Junio C Hamano <gitster@xxxxxxxxx> · Fri, 16 Oct 2020 11:04:02 -0700

Phillip Wood <phillip.wood123@xxxxxxxxx> writes:

>> @@ -6405,6 +6428,11 @@ void diff_flush(struct diff_options *options)
>>   	DIFF_QUEUE_CLEAR(q);
>>   	if (options->close_file)
>>   		fclose(options->file);
>> +	for (i = 0; i < options->ignore_regex_nr; i++) {
>> +		regfree(options->ignore_regex[i]);
>> +		free(options->ignore_regex[i]);
>> +	}
>> +	free(options->ignore_regex);
>
> If I run `git log -p -I foo` then the address sanitizer reports
>
> AddressSanitizer: heap-use-after-free xdiff/xdiffi.c:1027 in
> record_matches_regex
>
> after it has printed the diff for the first commit. I think freeing
> the regex here is the cause of the problem.
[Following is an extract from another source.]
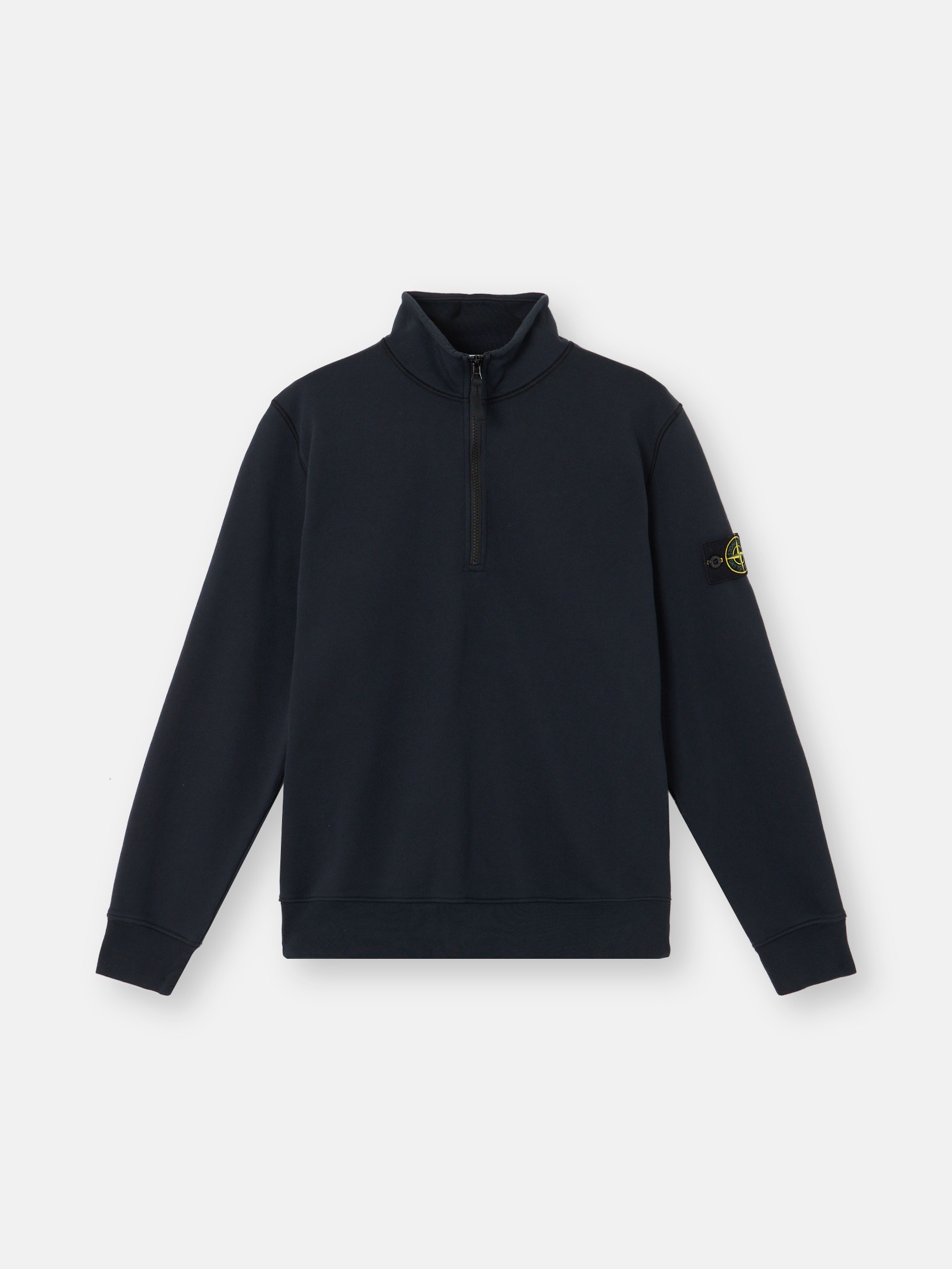 Sweatshirt in organic cotton fleece with zipper-fastened standing collar, featuring finely ribbed lining, patch pockets, and overlock seams. Garment dyed. FABRIC RESEARCH AND TREATMENT Half-zipper sweatshirt in organic cotton fleece. Garment dyed. STYLE AND FIT Standing collar with finely ribbed lining and zipper fastening. Slanted patch pockets. Stone Island badge on the left sleeve. Overlock seams. Ribbed cuffs and bottom band. Regular fit. COMPOSITION AND CARE External Fabric: 100% Cotton. Ribbing: 97% Cotton 3% Elastane / Spandex

Yes, this is a good location to clear the diff_queue, which is
per-invocation.  But diff_options->ignore_regex[] can and should be
shared across multiple invocations of the diff machinery, as we are
parsing upfront in the command line option parser just once to be
used throughout the life of the program.  It is wrong to free them
early like this.

I really hate to suggest this, one common API call made into the
diff machinery from various consumers, when they are absolutely done
with diff_options, is probably diff_result_code().  Its purpose is
to collect bits computed to participate in the overall result into
the final result code and anybody who ran one or more diff and wants
to learn the outcome must call it, so it is unlikely that callers
that matter are missing a call to finalize their uses of the diff
machinery.  So if freeing .ignore_regex[] is really necessary, it
could be used to tell us where to do so [*1*].
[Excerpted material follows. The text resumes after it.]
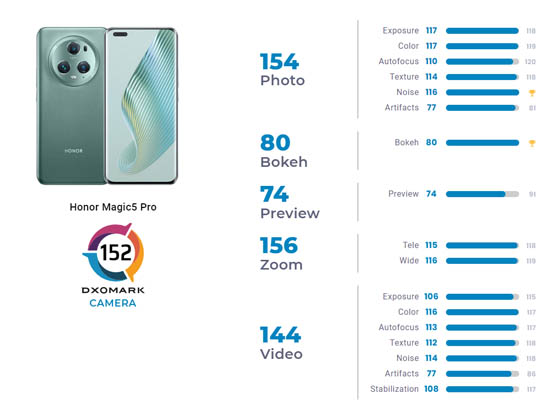 Le Honor Magic5 Pro a séduit par les qualités de son zoom ainsi que la large plage dynamique, le bon niveau de détail et le faible bruit sur les photos. La mise au point automatique a été appréciée, car jugée rapide et précise, tout comme les couleurs. La bonne exposition pour les photos de nuit a été notée ainsi que la très bonne isolation du sujet en mode bokeh. DxOMark lui reproche une profondeur de champ limitée pour les photos de groupe et les scènes complexes ainsi qu’un rendu parfois désagréable des visages et des teintes de peau parfois non naturelles. Il a été remarqué qu’il y avait une différence significative entre l’aperçu à l’écran et la photo produite, in fine.

Unlike per-invocation resources that MUST be freed for repeated
invocations of the diff machinery made in "git log" family,
resources held for and repeatedly used during the entire session
like this may not have to be freed, to be honest, though.

Thanks.

[Footnote]

*1* Adding calls to free() in diff_result_code() directly is
    probably not a good idea.  Some callers may not even need result
    code (e.g.  "blame") and do not call it at all, but we may want
    to free the resource in diff_options that is not per-invocation.
    So if we were to do this, we probably need a new API function,
    perhaps diff_options_clear() or something, and call that from
    diff_result_code(), and then find callers that do not care about
    the result code and call diff_options_clear() directly from
    them.

    If a caller does a single diff_setup_done(), makes repeated
    calls to the diff machinery, and calls diff_result_code() once
    per each iteration (e.g. imagine "git log -p" that detects the
    status for each commit), then having the diff_options_clear()
    call in diff_result_code() will break the machinery, so if we
    were to follow the outline given in the previous paragraph, we
    need to make sure there is no such caller.  But I see that
    diff_result_code() does not clear the fields it looks at in the
    diff_options fields after it uses them, so the second and
    subsequent calls into the diff machinery by such a caller may
    already be broken (not in the "resource leakage" sense, but in
    the correctness sense).